Task goal =>
In the copy, include no pictures, but reproduce every record exactly.

[Records from a data collection]
= = =

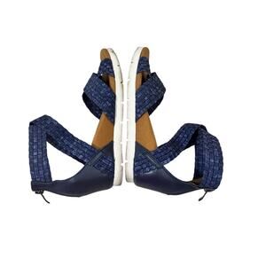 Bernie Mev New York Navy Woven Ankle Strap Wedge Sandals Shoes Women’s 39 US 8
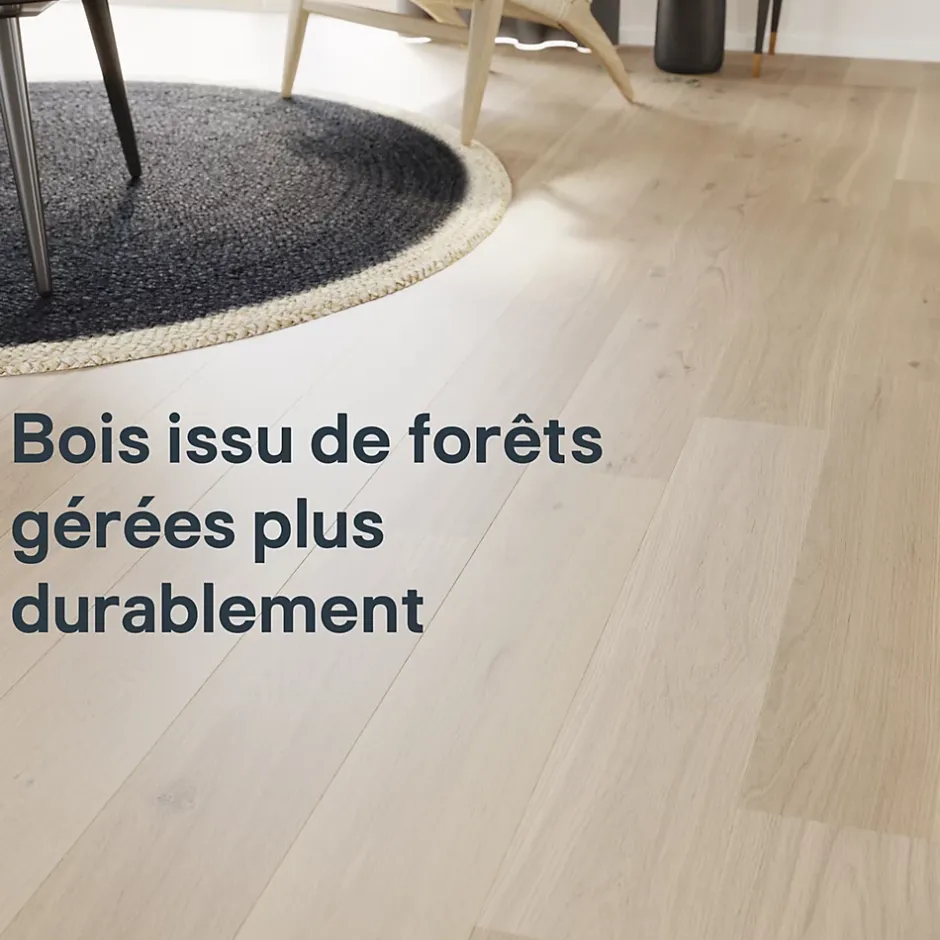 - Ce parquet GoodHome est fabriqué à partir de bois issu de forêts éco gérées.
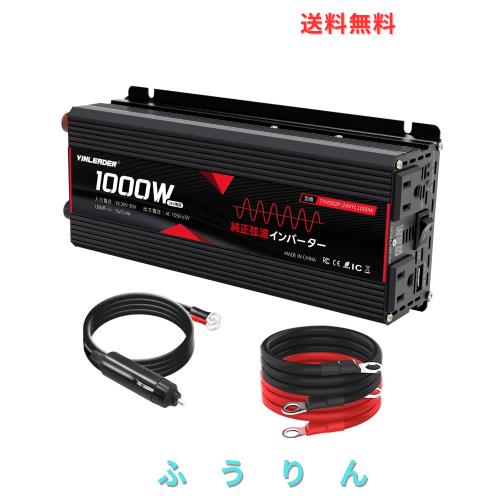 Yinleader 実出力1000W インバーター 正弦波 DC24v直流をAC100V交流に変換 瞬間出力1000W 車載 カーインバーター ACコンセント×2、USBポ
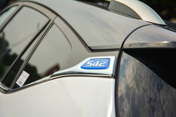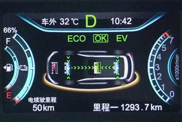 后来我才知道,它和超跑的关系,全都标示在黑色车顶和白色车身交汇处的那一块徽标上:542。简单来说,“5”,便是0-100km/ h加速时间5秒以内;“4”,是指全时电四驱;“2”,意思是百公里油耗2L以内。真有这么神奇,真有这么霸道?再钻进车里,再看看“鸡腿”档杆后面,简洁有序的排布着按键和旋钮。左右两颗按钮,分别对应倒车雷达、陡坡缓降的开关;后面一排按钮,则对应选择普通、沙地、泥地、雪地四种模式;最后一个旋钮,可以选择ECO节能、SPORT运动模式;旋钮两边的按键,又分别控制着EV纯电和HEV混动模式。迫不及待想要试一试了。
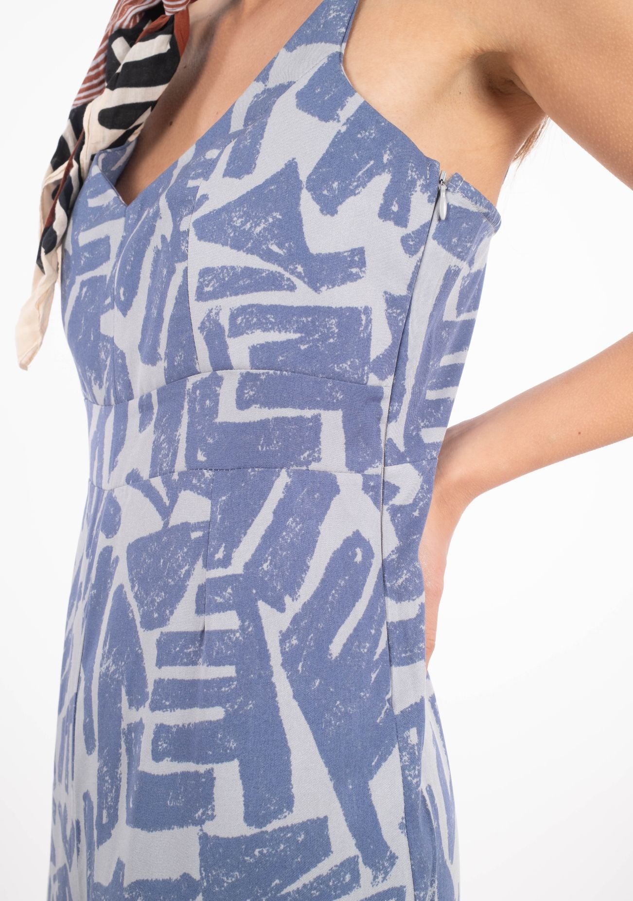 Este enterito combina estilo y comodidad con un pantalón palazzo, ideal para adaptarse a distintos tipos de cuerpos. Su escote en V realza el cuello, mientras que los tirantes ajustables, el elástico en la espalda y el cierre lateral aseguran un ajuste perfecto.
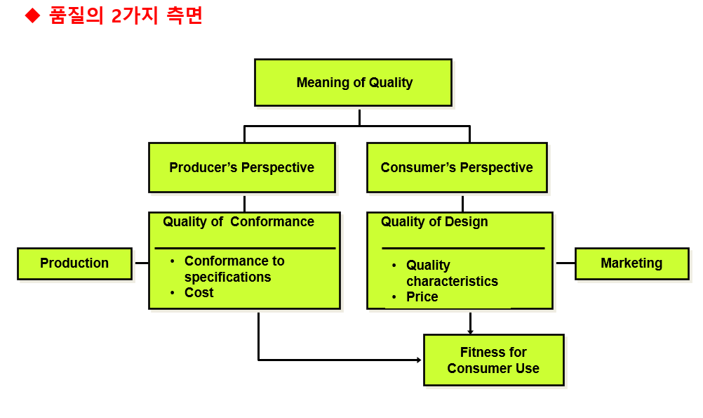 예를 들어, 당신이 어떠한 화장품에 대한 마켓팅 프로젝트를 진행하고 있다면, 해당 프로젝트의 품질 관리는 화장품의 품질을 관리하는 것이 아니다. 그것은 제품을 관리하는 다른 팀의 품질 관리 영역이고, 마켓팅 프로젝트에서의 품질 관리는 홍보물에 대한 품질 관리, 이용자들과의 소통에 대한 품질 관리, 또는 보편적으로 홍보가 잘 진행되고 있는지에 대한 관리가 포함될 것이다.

= = =

Task response =>
 Bernie Mev New York Navy Woven Ankle Strap Wedge Sandals Shoes Women’s 39 US 8
 - Ce parquet GoodHome est fabriqué à partir de bois issu de forêts éco gérées.
 Yinleader 実出力1000W インバーター 正弦波 DC24v直流をAC100V交流に変換 瞬間出力1000W 車載 カーインバーター ACコンセント×2、USBポ
 后来我才知道,它和超跑的关系,全都标示在黑色车顶和白色车身交汇处的那一块徽标上:542。简单来说,“5”,便是0-100km/ h加速时间5秒以内;“4”,是指全时电四驱;“2”,意思是百公里油耗2L以内。真有这么神奇,真有这么霸道?再钻进车里,再看看“鸡腿”档杆后面,简洁有序的排布着按键和旋钮。左右两颗按钮,分别对应倒车雷达、陡坡缓降的开关;后面一排按钮,则对应选择普通、沙地、泥地、雪地四种模式;最后一个旋钮,可以选择ECO节能、SPORT运动模式;旋钮两边的按键,又分别控制着EV纯电和HEV混动模式。迫不及待想要试一试了。
 Este enterito combina estilo y comodidad con un pantalón palazzo, ideal para adaptarse a distintos tipos de cuerpos. Su escote en V realza el cuello, mientras que los tirantes ajustables, el elástico en la espalda y el cierre lateral aseguran un ajuste perfecto.
 예를 들어, 당신이 어떠한 화장품에 대한 마켓팅 프로젝트를 진행하고 있다면, 해당 프로젝트의 품질 관리는 화장품의 품질을 관리하는 것이 아니다. 그것은 제품을 관리하는 다른 팀의 품질 관리 영역이고, 마켓팅 프로젝트에서의 품질 관리는 홍보물에 대한 품질 관리, 이용자들과의 소통에 대한 품질 관리, 또는 보편적으로 홍보가 잘 진행되고 있는지에 대한 관리가 포함될 것이다.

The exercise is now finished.